Unaudited Financial Statements
Name of Listed Issuer:Promisia Integrative Limited PIL
FINANCIAL SUMMARY
For the year ended 31 December 2018
Full year% Up/(Down) Full year
31-Dec-18on year 31-Dec-17
Unaudited31-Dec-17Audited
$000 $000
Sales revenue727 -69%2,332
Operating loss before tax(2,213) 158%(859)
Net Loss(2,208) 152%(876)
Total Assets2,050 -11%2,295
Basic Earnings per share(0.003) (0.002)
Diluted Earnings per share(0.003) (0.002)
Tangible Asset backing per share0.001 0.004
REPORT OF THE CHAIRMAN
On behalf of your directors I present the Annual Report of the directors for Promisia Integrative
Limited and its subsidiaries (”the group”) for the year ended 31 December 2018.
Group Results
The loss for the year was significant at $2,208,000 compared with a loss of $876,000 in the previous
year, due largely to the Medsafe Alert which:
• caused an immediate collapse of Arthrem sales in New Zealand,
• overshadowed and reduced significantly the impact of the launch of Arthrem in Australia
• had a very negative impact on the launch of Artevite in New Zealand
Significant expenditure had been incurred, especially television advertising, for the launch of both
Arthrem in Australia and Artevite in New Zealand. It had been the Company’s expectation that this
expenditure would be recovered from product sales over the course of the year but that outcome
did not eventuate. Take up of both products was affected by adverse publicity surrounding the
Medsafe Alert.
Total sales for the year were $727,000 compared with $2,332,000 in the previous year. This was a
reduction of 69%.
The directors were unsure about the effect of the Medsafe Alert and adopted a policy of reducing
expenditure to save cash. This proved to be the correct course as the level of committed
expenditure did not allow sufficient leeway for error.
Medsafe Alert
As noted in the 2017 Annual Report and subsequent communications with shareholders, the
Medsafe Alert of February 2018 had a dramatic negative effect on the sale of Arthrem in New
Zealand. Initially sales fell by 90% and, while some recovery has been noted, the rise in sales has
been limited.
The directors have noted previously their concerns about the accuracy of the reports of adverse
reactions as reported to the Centre for Adverse Reaction Monitoring (CARM) and the lack of
investigation by both CARM and Medsafe to confirm the accuracy of the information reported to
CARM. It is clear that in a number of the reported adverse reactions the offending product was
unlikely to have been Arthrem due to the dose size and number of capsules taken daily.

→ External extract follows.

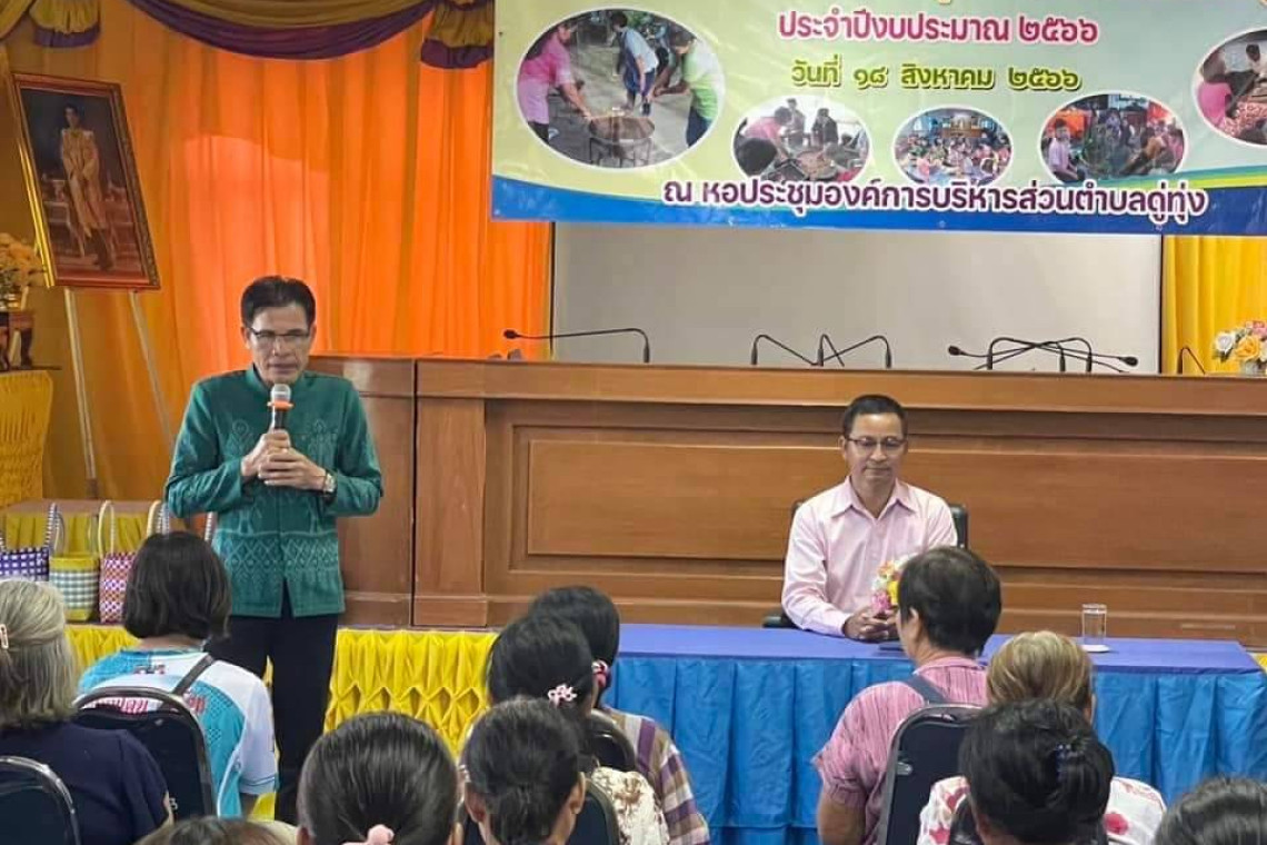 วันที่ 22 ส.ค.66 ผู้สื่อข่าวรายงานว่า ที่ผ่านมาที่ห้องประชุมสภาองค์การบริหารส่วนตำบลดู่ทุ่ง อำเภอเมืองยโสธร จังหวัดยโสธร นายเกียรติศักดิ์ โตพุ่ม นายกองค์การบริหารส่วนตำบลดู่ทุ่ง เป็นประธานเปิดโครงการฝึกอบรมกลุ่มอาชีพ สตรี ผู้สูงอายุในการจักสานตระกล้าพลาสติกเพื่อนำไปประกอบอาชีพในการสร้างรายได้ให้กับตนเองและสร้างรายได้ให้กับครอบครัวเพื่อพัฒนาคุณภาพชีวิตให้ดีขึ้นอยู่ดีกินดีอีกทั้งเป็นการใช้เวลาว่างให้เกิดประโยชน์ในผู้สูงอายุและกลุ่มสตรี นอกจากนั้นแล้วยังเป็นการสร้างความสามัคคีในกลุ่มสตรีและผู้สูงอายุที่ได้ทำกิจกรรมร่วมกันโดยมีกลุ่มเป้าหมายกลุ่มสตรีและผู้สูงอายุในพื้นที่ตำบลดู่ทุ่งทั้ง 11 หมู่บ้านเข้าร่วมโครงการดังกล่าวโดยมี รองนายก อบต.ดู่ทุ่ง ปลัด อบต.ส.อบต.ผู้นำท้องที่ตลอดจนเจ้าหน้าที่อบต.ดู่ทุ่งร่วมกิจกรรมในครั้งนี้

These are
likely to have been competing products that have subsequently been withdrawn from sale in
pharmacies.
We have pointed out these anomalies to Medsafe but there is has been little interest in ensuring
that the reports are accurate. This is, in our view, a major failing of the CARM reporting system and
its use as a basis for Medsafe to issue Alerts.

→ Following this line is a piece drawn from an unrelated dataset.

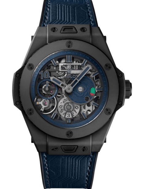 Powering this new watch is the Hublot Calibre HUB1201, with a ten day power reserve. This movement was chosen because of it being a ten year commemorative piece. Covering the movement on the case back is a sapphire case back decorated with what is meant to be a signifier of electronic networks.
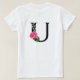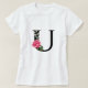Monogram Initial Letter U in Black with Pink Rose T-Shirt

In December 2018 Medsafe issued an updated Alert. It is the company’s view that at least 15 of the
total 25 adverse reactions reported to date relate to the competitors’ products.
It is worth repeating that the recommended dose for Arthrem is one 150mg capsule twice daily,
usually morning and night. All competing products had a recommended dose of a single 300mg
capsule daily. It is the company’s view that the double dose in a single capsule is responsible for
most of the reported adverse reactions.
Medsafe Prosecution
In late January 2019 Medsafe commenced a prosecution of the company in the District Court
alleging 9 breaches of the Medicines Act 1981.
Two of the charges relate to the alleged sale of an unlicensed medicine, being Arthrem. The
company has always maintained that Arthrem is a dietary supplement, not a medicine. The
remaining charges relate to the promotion of Arthrem on the company’s websites and is based on
the assumption that Arthrem is an unlicensed medicine. The company notes that all its marketing
and advertising material was submitted for review to the Therapeutic Goods Advertising Pre-Vetting
Service (TAPS) before being published and it received a TAPS Approval Number that is displayed on
every item.
The directors are unable to comment in more detail as this matter is now before the Courts. The
directors have retained senior counsel and will defend the charges. The outcome of this action is
likely to have a significant impact on the natural products sector in New Zealand.
New Zealand
Arthrem has retained the support of most pharmacies and continues to sell, however consumer
confidence has been shaken by the Medsafe Alerts. Very little advertising and marketing support for
Arthrem was undertaken post the Medsafe Alert and sales have suffered accordingly.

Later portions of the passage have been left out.